Your answer is the lines below, exactly, from the one that contains "Uma das características" through the one that contains "Your dream home", both included.

SOURCE DATA below:

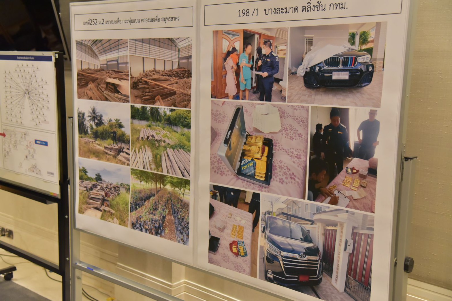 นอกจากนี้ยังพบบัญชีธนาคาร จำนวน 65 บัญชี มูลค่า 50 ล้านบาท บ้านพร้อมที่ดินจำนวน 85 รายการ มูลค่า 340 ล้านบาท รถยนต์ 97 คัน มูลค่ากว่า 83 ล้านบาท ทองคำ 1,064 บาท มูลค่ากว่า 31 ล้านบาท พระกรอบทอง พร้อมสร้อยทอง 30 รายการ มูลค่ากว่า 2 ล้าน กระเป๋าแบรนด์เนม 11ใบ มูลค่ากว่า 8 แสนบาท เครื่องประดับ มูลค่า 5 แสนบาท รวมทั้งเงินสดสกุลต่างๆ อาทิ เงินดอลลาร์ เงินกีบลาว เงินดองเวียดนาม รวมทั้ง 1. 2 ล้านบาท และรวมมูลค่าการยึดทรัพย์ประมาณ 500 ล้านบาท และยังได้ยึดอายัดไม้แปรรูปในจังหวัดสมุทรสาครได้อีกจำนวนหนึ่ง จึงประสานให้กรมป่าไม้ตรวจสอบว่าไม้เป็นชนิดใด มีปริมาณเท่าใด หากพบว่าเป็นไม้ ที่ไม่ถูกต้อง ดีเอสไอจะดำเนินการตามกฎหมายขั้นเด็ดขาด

End of SOURCE DATA.
SOURCE DATA below:

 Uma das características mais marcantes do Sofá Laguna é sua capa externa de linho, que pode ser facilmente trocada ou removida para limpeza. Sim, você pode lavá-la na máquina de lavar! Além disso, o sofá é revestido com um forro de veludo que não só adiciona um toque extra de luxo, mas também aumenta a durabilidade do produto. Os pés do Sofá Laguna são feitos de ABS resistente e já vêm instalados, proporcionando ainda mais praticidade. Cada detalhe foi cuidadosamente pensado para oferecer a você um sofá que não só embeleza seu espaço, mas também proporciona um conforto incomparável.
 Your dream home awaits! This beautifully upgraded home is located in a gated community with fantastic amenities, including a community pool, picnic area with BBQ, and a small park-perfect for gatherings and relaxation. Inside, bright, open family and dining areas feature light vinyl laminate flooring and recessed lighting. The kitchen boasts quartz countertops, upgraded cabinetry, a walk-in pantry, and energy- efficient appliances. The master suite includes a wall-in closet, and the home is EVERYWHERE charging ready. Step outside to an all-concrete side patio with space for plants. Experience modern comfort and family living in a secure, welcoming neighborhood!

End of SOURCE DATA.

EXERCISE OUTPUT:
 Uma das características mais marcantes do Sofá Laguna é sua capa externa de linho, que pode ser facilmente trocada ou removida para limpeza. Sim, você pode lavá-la na máquina de lavar! Além disso, o sofá é revestido com um forro de veludo que não só adiciona um toque extra de luxo, mas também aumenta a durabilidade do produto. Os pés do Sofá Laguna são feitos de ABS resistente e já vêm instalados, proporcionando ainda mais praticidade. Cada detalhe foi cuidadosamente pensado para oferecer a você um sofá que não só embeleza seu espaço, mas também proporciona um conforto incomparável.
 Your dream home awaits! This beautifully upgraded home is located in a gated community with fantastic amenities, including a community pool, picnic area with BBQ, and a small park-perfect for gatherings and relaxation. Inside, bright, open family and dining areas feature light vinyl laminate flooring and recessed lighting. The kitchen boasts quartz countertops, upgraded cabinetry, a walk-in pantry, and energy- efficient appliances. The master suite includes a wall-in closet, and the home is EVERYWHERE charging ready. Step outside to an all-concrete side patio with space for plants. Experience modern comfort and family living in a secure, welcoming neighborhood!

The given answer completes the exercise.